The book encapsulates everything besides the history of technology and computers, which is needed to be great leader, visionary and innovator. The biographic content presentation of the book embarks the journey from 1800’s, stopping at most remarkable stations where innovations were happening or were in process of being conceived. Watson’s ability to provide us just enough interesting insights of the life of these great dignitaries makes this book more fun and leaves you curious for more at the best. You cannot help but wander into constant guesswork to find out more about the personalities you leave behind.
The entire book seems like a journey in a locomotive steam engine powered train which gradually converts to a bullet train — symbolical change from Differential Engine to present day tablet computers. Each chapter is like a time station, that is fun to hop out from the train to explore; for you will be waiting to see the beauty of that time, get insights to the — ideologies, meetings, discussions, conflicts among other learning’s — that are taking place between and/or with the visionaries and leaders of that time. When you hop back in at the end of the chapter to traverse to the next station you will be left with some amazing memories due to the thoughtful and relentless perseverance of the great thinkers you leave behind.
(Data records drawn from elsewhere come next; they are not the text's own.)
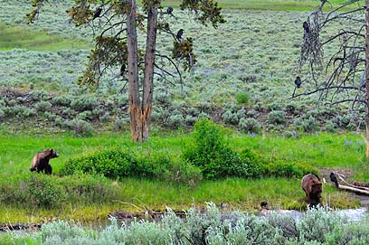 גל ברנשטיין סיפר לנו שבילה עם אשתו בפארק במשך חמישה ימים בחודש יולי האחרון. "במהלך נסיעה באזור Lamar Valley לכיוון מזרח (צמוד לנהר), ראינו משהו קורה על הגדה הרחוקה. מייד עצרנו ולקחנו רוורס, רק בכדי לגלות דוב גורר משהו מהמים".
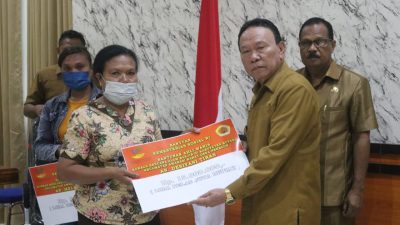 Kupang, MN – Bupati Kupang, Korinus Masneno menyerahkan santunan bagi empat Kepala Keluarga korban bencana…
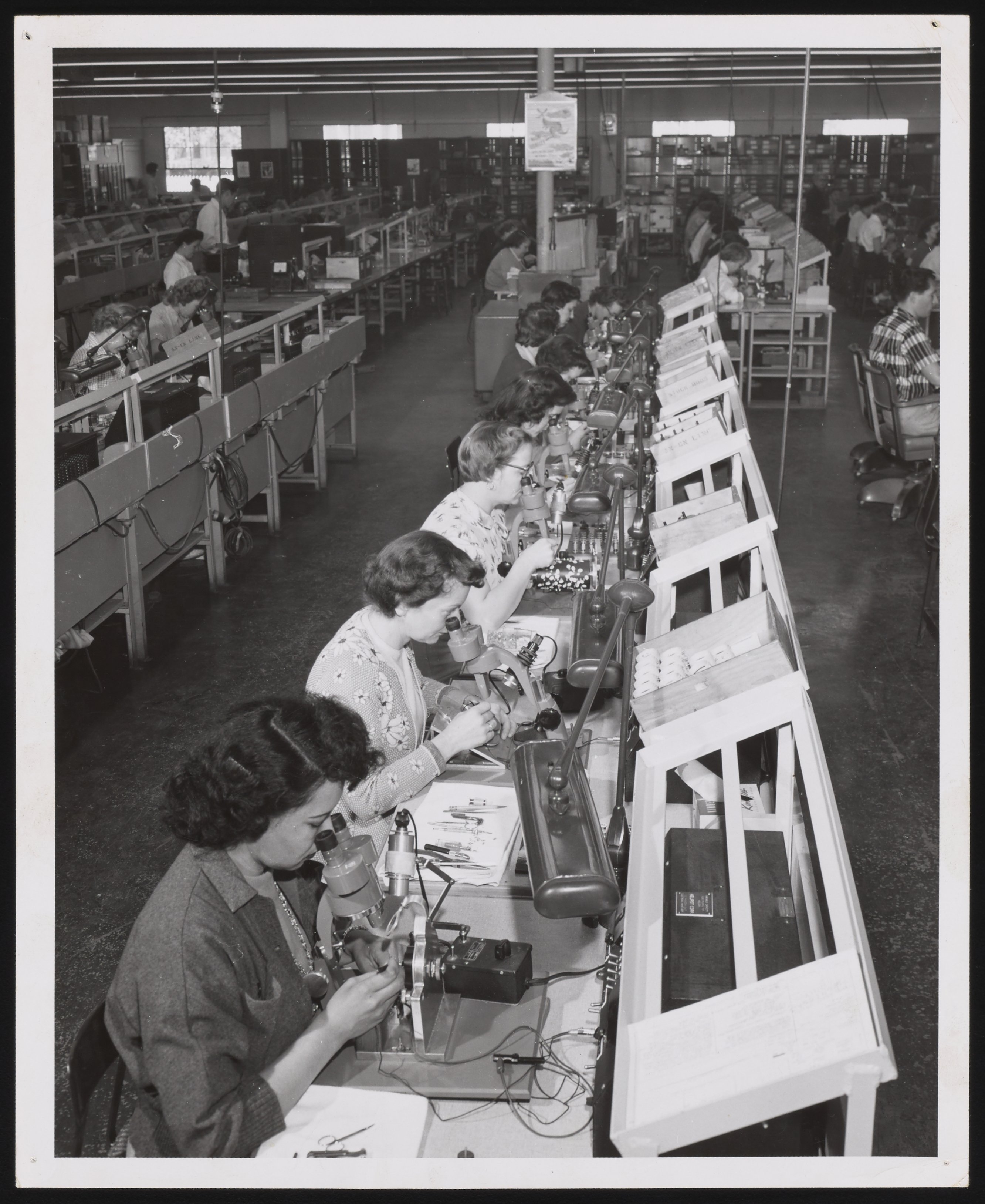“Workshop in an Unidentified Beckman Instruments Plant,” 1950–1959. Beckman Historical Collection, Box 56, Folder 20. Science History Institute. Philadelphia. https://digital.sciencehistory.org/works/k0698755v.
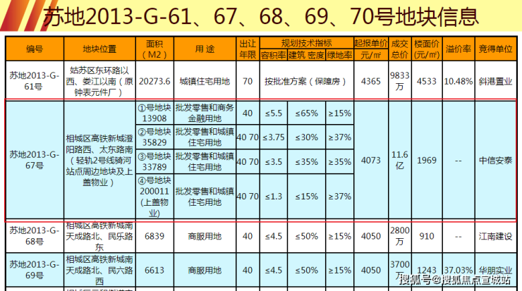 环秀湖花园地块是2013年9月由中信安泰以11亿竞得的苏地2013-G-67号地块,地块成交楼面价仅1969元/平。地块由4个地块组成,1号地块为金融用地,2、3、4号地块主要为住宅。
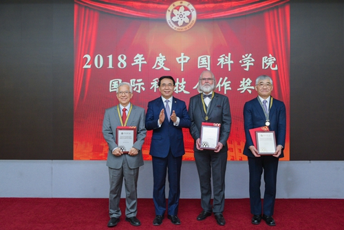中科院国际科技合作奖设立于2007年,旨在奖励在与中科院开展长期合作,并在突破关键技术和产出重大成果、建设大科学装置以及培养中科院科研人才方面做出过杰出贡献的优秀外籍人才,同时鼓励和集聚更多的全球科技人才加入中科院共同开展科技创新。伙计合作奖至今,已有34位外籍专家获得中科院国际科技合作奖,经推荐,其中有24位获得中华人民共和国国际科技合作奖,19位获得中华人民共和国友谊奖。
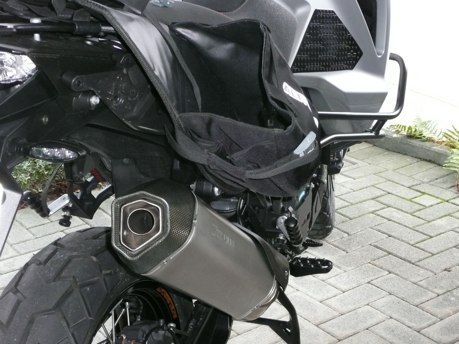 sicher einerseits Geschmacksache mit dem hufeisenförmigen Hemisphere von ADVRIDER. Aber die Chose ist insgesamt formstabiler, als es auf meinen Fotos nur mit montiertem Tragesystem rüberkommt. Der Packsack steht ja nur mit seinen "Füßen" links und rechts im Holster. Er ist einteilig und wird von oben komplett beladen. D.h. einmal vollgepackt, behält er seine Form und die zu den Soziusrasten hin abgespannten Seiten können kaum nach innen pendeln in Fahrt. Auch sind die Gurtabspannungen sehr grob gewoben und kräftig, da rutscht also nichts durch die Schnallen. Jedenfalls mußte ich bisher kein einziges Mal unterwegs nachspannen, auch nicht nach Holperstrecken à la Cormet d´Arêches, Assietta oder Colle Sommeiller. Hier nochmal zwei andere Fotos, mit vollbepacktem Hemisphere. Hält bombig - aber daß diese Art der Gepäcktasche nicht jedermanns Geschmack treffen kann, ist mir bewußt.

The journey starts from 1800’s with Ada Lovelace, a Poetical scientist and a first programmer and a debugger who has documented a vision of modern computers in 1842-1843 — a machine which can perform beyond number crunching and that it is mere doer rather than a thinker. But the machines capabilities are not limited to math; her vision was that computing machines can work with human brain in harmony to render art and poetry as well. In the end, Isaacson wisely disembarks us from the journey by reasoning and saluting the vision of Ada along with other great innovators, scientist, politicians and hackers as to how the computer has evolved as per Ada’s vision and future seems to only persist the same – as of now.
The books reiterates the lessons with historical data and proofs that innovation cannot be a single wow moment, in most cases it is a realization of collaboration from several people and is often built upon existing inventions and innovations. Innovations developed under solitary environment may end up incomplete or worst forgotten — Example John Atansasoff v/s John Mauchly.
Another important agent to get a successful innovation is timing; many a time’s great visionaries have ideas but the era or timing is not fertile for its dependency to take shape on other related components, are still under development or absent. A good example — Pg. No. 39: The development of vacuum tubes for the radio industry paved way for the creation of electronic digital circuits. That was accompanied by theoretical advances in logic that made circuits more useful. And the march was quickened by the drums of war.
One key essence imparted from the book: Creativity and successful Innovation can be a result of convergence between people from diverse thinking and different background. Often a successful and result orientated collaboration is not only between the like minded people belonging to the same industry, but instead that creative minds and inspirational people often find idea favoring growth fertilizer amongst peers from cross industry and different mindset. While reading the book one will realize that most of the successful products are results of cross breed between two or more mindsets like first computer – J. Presper Echert and John Mauchly, Apple –Steve Jobs and Steve Wozniak, Microsoft – Bill Gates and Paul Allen, Intel – Robert Noyce and Gorden Moore and so on. Most of these partnerships were between people who had different ideologies and/or mindset to approach the same problem, but instead of breaking apart, they found a common ground that complemented each other and thus were able to create history along with technological advances.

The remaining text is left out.